## Task brief
From the material below, set down exactly the lines that run from the one containing "Pepperoni, Red Peppers, Red" to the one containing "Dolce & Gabbana", minus the pictures.

## Data provided
---*---
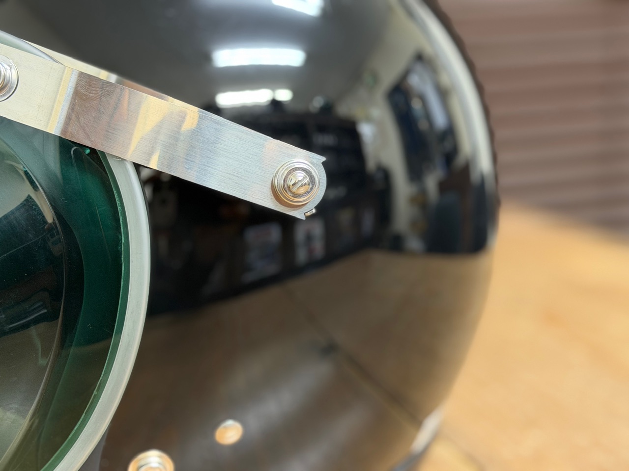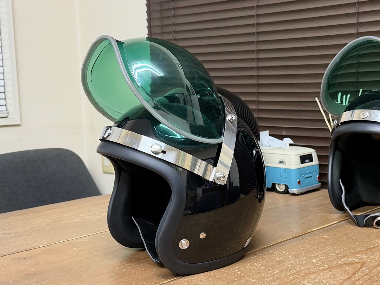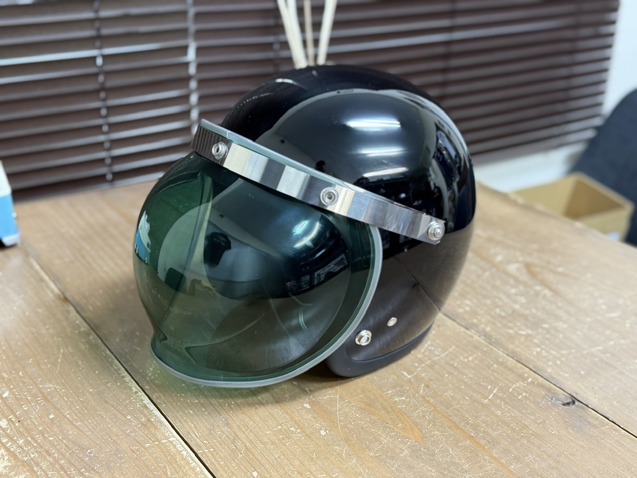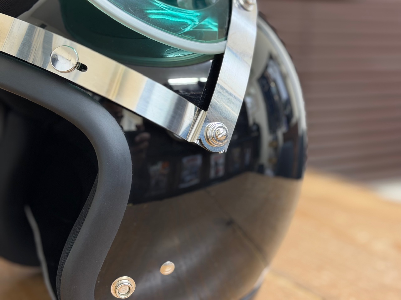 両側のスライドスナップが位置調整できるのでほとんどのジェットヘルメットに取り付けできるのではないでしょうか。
---*---
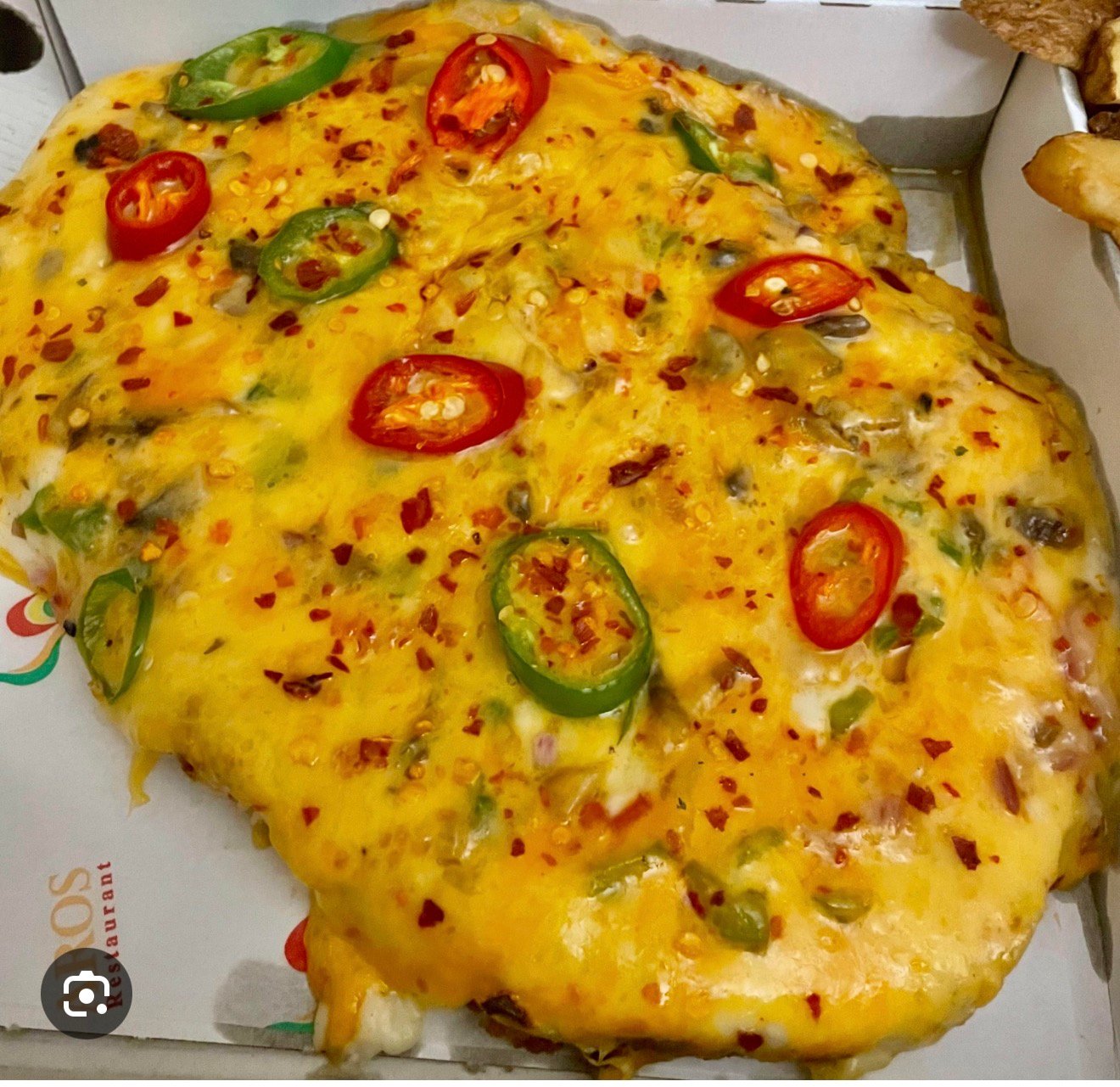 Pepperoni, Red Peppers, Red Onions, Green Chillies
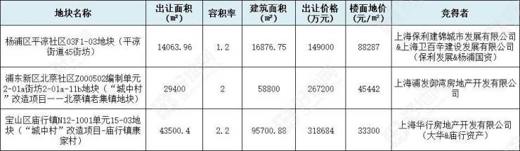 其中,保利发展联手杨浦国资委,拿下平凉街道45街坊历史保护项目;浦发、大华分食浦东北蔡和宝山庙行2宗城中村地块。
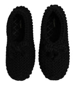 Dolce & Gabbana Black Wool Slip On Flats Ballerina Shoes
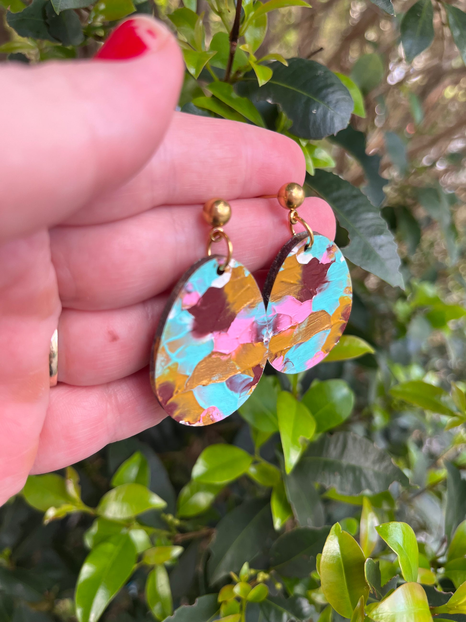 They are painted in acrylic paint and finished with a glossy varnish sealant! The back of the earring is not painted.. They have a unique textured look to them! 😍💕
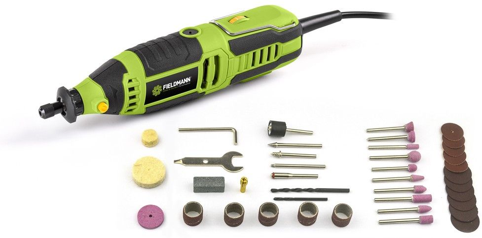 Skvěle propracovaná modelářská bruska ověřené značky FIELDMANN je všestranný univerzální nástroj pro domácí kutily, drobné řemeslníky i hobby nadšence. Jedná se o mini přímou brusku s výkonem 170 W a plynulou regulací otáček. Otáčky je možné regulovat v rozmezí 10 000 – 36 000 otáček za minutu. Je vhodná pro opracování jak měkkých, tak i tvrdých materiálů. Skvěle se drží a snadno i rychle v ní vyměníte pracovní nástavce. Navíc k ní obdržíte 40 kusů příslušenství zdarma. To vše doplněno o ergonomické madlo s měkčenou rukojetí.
---*---
## Output of the task
 Pepperoni, Red Peppers, Red Onions, Green Chillies
 其中,保利发展联手杨浦国资委,拿下平凉街道45街坊历史保护项目;浦发、大华分食浦东北蔡和宝山庙行2宗城中村地块。
 Dolce & Gabbana Black Wool Slip On Flats Ballerina Shoes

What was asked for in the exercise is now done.